Finding Uganda’s missing TB cases: Improved mentorship and supportive supervision could be the answer
According to the National population based TB prevalence survey, each year, 87,000 Ugandans develop tuberculosis (TB), a preventable and curable disease. Strides have been made to notify more cases. In 2019, the National TB and Leprosy program notified 61,372 cases, leading to a 76% (61,372/80,412) treatment success rate. This was a huge improvement, with a 53% treatment success rate reported three years earlier.
Many patients go untreated due to poor health-seeking behavior and limited access to health services. Health workers may also fail to identify TB symptoms due to lack of skills in TB detection and absence of appropriate test commodities. Weaknesses in recording and reporting detected cases by health workers may delay notification and treatment of already diagnosed patients.
The USAID-funded Uganda Health Supply Chain (UHSC) project, led by MSH, helped the National TB and Leprosy Program develop a comprehensive intervention to close the gaps in TB services in health facilities. Quality TB care saves lives, reduces transmission, and is critical to ending TB and lessening threats to global health security.
Starting in November 2016, UHSC launched a pilot test of the TB Supervision, Performance Assessment and Recognition Strategy (TB SPARS) in 20 districts, covering 202 TB treatment facilities. UHSC trained 40 district TB and leprosy supervisors and district laboratory focal persons in assessing a facility’s performance on indicators, which measured the quality of laboratory diagnosis and infection control, patient care and treatment, logistics management of TB medicines and lab supplies, and record keeping and reporting. Using the results of the assessment, supervisors mentored staff on how to improve their weakest areas.
In Sembabule, Chris Jjuuko, the district TB and leprosy supervisor, explains that in their nine health facilities, “we discovered that fewer patients with TB were registered. Directly observed therapy status—where a patient takes the TB medicines in the presence of a health worker or family member—was poorly documented.” Directly observed therapy ensures patient adherence to treatment and prevents drug resistance or relapse. Tracking was weak of those patients who had never started treatment after diagnosis or who had started treatment that was later interrupted for two or more consecutive months.

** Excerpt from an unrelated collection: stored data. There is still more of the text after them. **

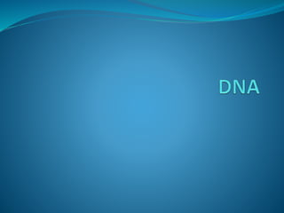 DNA contains the genetic code for all organisms in the form of a twisted ladder structure with sugar-phosphate backbones and nitrogen base rungs that always pair together as A=T and C=G. In 1953, Rosalind Franklin discovered the spiral structure of DNA and James Watson and Francis Crick used her work to build the first DNA molecular model.
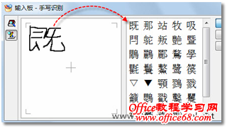 图3 手写输入 4. 从右侧自动识别出的字形中,查找到自己想要的汉字,将鼠标指向该汉字时,还可以看到它的读音,便于学习和记忆。单击该字,即可将其输入到文档中,如图4所示。
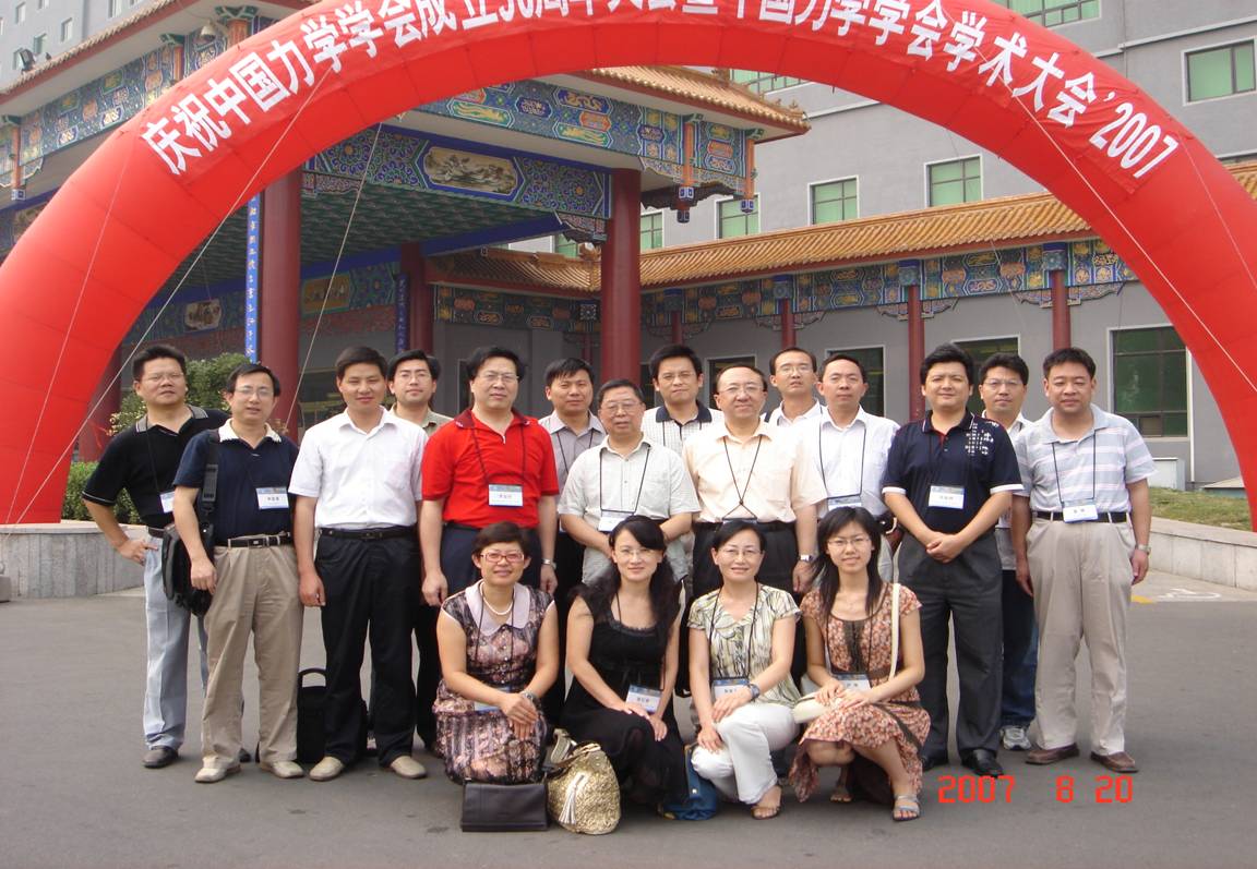 2007年8月19~22日在北京九华山庄,由中国科学技术协会和国家自然科学基金委员会指导,中国力学学会主办、40家高校和科研院所协办的“庆祝中国力学学会成立50周年大会暨中国力学学会学术大会‘2007”成功召开。国务委员陈至立、全国人大副委员长兼中国科协主席韩启德、全国人大副委员长兼中国科学院院长路甬祥、全国政协副主席中国工程院院长徐匡迪、国家科技部部长万钢给中国力学学会发来贺信,历任理事长钱学森、钱令希、郑哲敏、庄逢甘、白以龙、崔尔杰院士和现任理事长李家春院士为学会题写了贺词,开幕式上中国科协党组成员苑郑民先生代表中国科协、国家自然科学基金委数理学部常务副主任汲培文先生代表基金委、两院院士郑哲敏先生代表力学界、L.B. Freund代表国际理论与应用力学联盟致词。大会交流论文1300余篇,设立1个主会场、15个分会场、47个专题研讨会会场,到会人数超过1500人,其中包括30多位科学院和工程院院士,30多位大学校长和副校长。大会还邀请到国际理论与应用力学联盟(IUTAM, The International Union of Theoretical and Applied Mechanics)主席、秘书长及执行局全体执委、国际科学联合会(ICSU,The International Council for Science )亚太主任、亚洲主要国家的力学界代表参加会议。这是我国力学界一次具有历史意义的盛会,也是中国力学学会迈向未来的新起点。
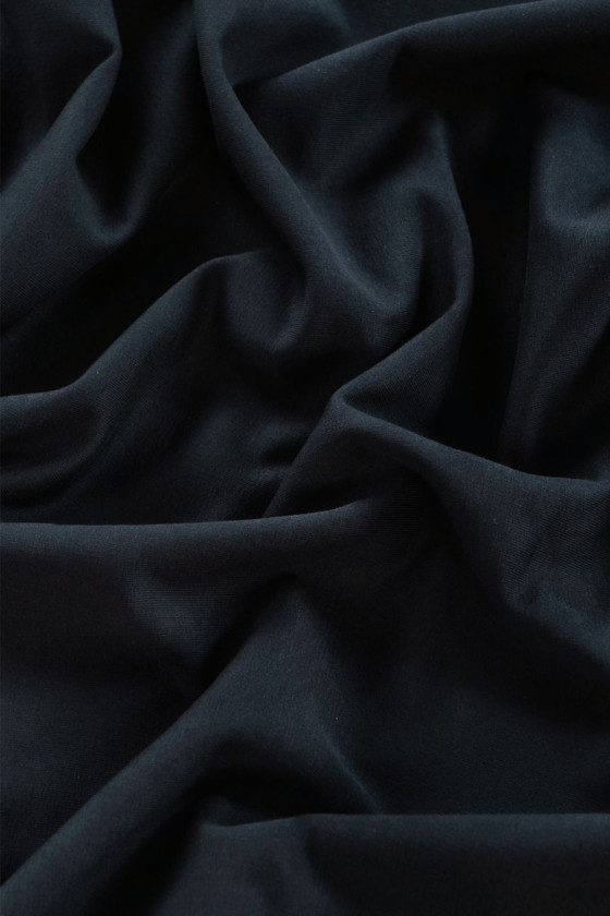 Italian polyester jersey in dark navy blue, almost black. A knitted fabric with a tight weave, medium thickness, with a delicate shine and elastic. It is perfect for sewing everyday clothes, such as dresses, skirts, tunics or light sweatshirts.
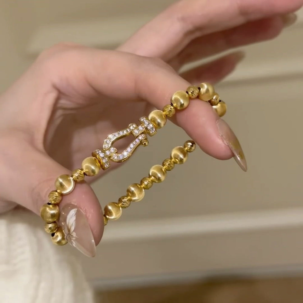 This stunning bracelet features a unique combination of cat's eye stones and a horseshoe-shaped diamond clasp. The cat's eye stones add a mystical, smooth glow, giving the bracelet an elegant yet subtle radiance. The horseshoe-shaped clasp is adorned with sparkling diamonds, making it the focal point of this piece.
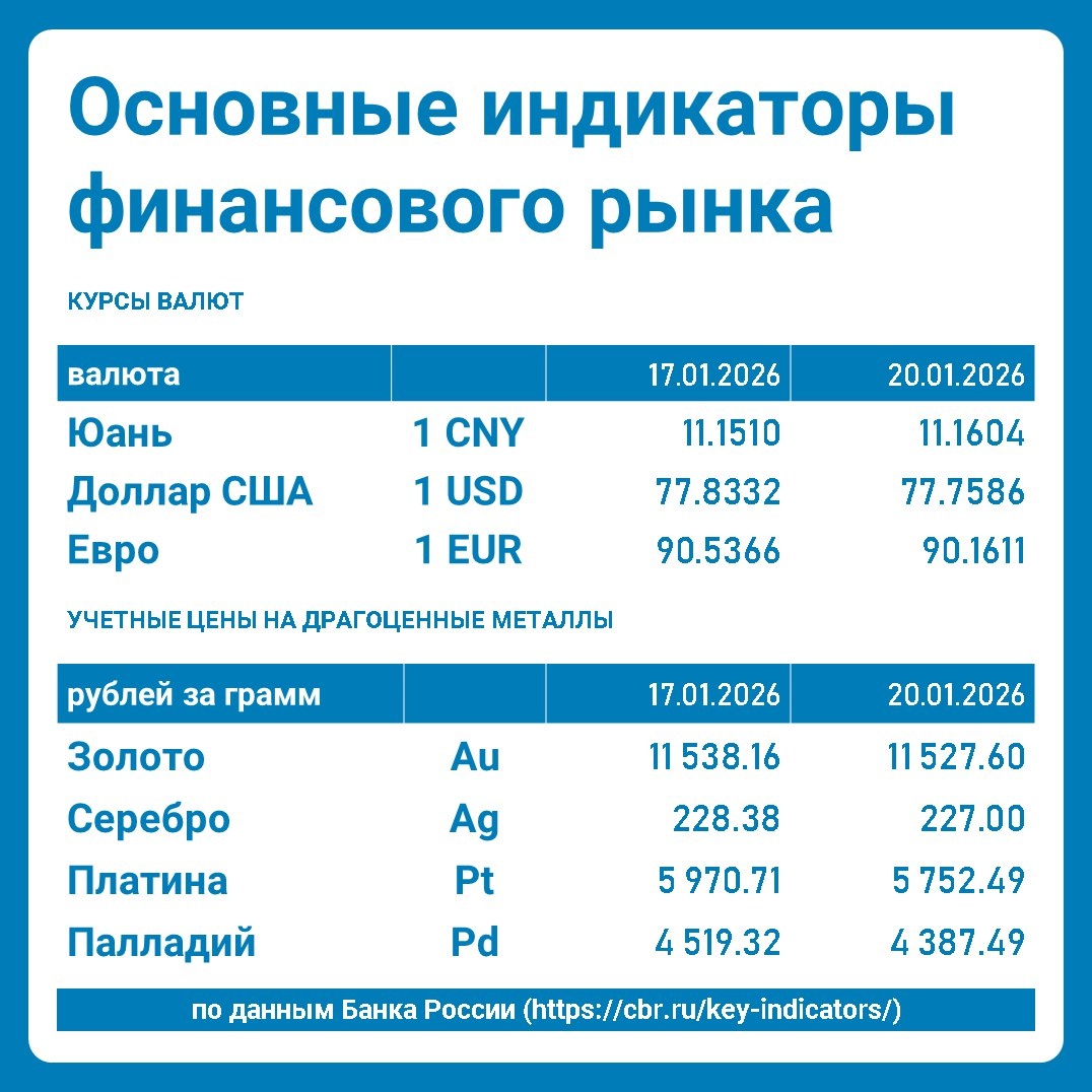 Основные индикаторы финансового рынка на 20.01.2026 #cbr_key_indicators Бизнес в Новороссийске По данным Банка России Ключевые показатели Инфляция Цель по инфляции - 4,0% Декабрь 2025 - 5,6% Показатель инфляции отражает темп прироста потребительских цен к соответствующему месяцу предыдущего года Ключевая ставка с 22.12.2025 - 16,00% Основные индикаторы финансового рынка Курсы валют на 20.01.2026 Юань - 11.1604 Доллар США - 77.7586 Евро - 90.1611 Учетные цены на драгоценные металлы на 20.01.2026 Золото - 11 527.60 Серебро - 227.00 Платина - 5 752.49 Палладий - 4 387.49 Подписаться на Telegram канал Бизнес в Новороссийске Навигация в закрепленном сообщении 🧭 ㅤ
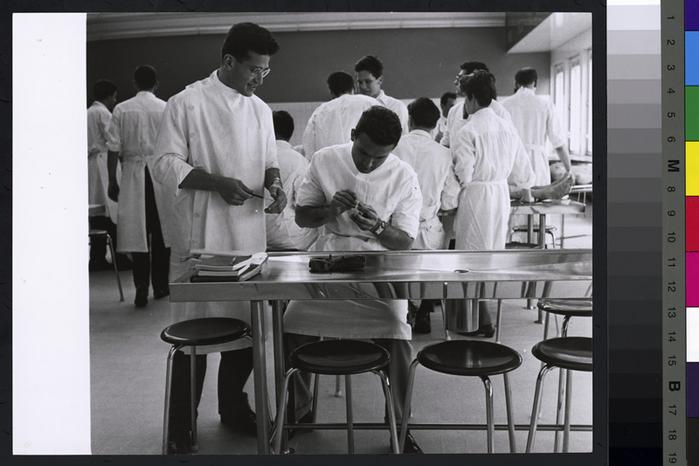 Préparation du matériel lors d'un cours non identifié (anatomie ? d'après les deux pied de ce qui semble être un cadavre allongé sur une table au second plan).

Together, the health staff and supervisors developed and implemented tailored solutions, again working with staff on how to improve areas of weakness, that lead to encouraging results. According to Henry Kawungu, the clinical officer at the Mateete Health Centre III, “we now have more children enrolled in care, and our lost to follow-up patients have also been brought back in for care.”
Health workers were also motivated to take on more active roles to provide high-quality TB services. In the 20 pilot districts, dramatic improvements were made on all TB case management indicators after only five supervisor visits over the 18-month pilot period. The indicator scores for appropriate screening and diagnosis increased from 52% to 86%, treatment follow-up increased from 71% to 86%, adherence to standard guidelines increased from 48% to 78%, and 100% of HIV and TB co-infection cases are now managed correctly, up from 70%. The TB SPARS initiative was given unanimous endorsement from district health officers, NTLP, and implementing partners, who want to see it rolled out countrywide with support from the regional implementing partners.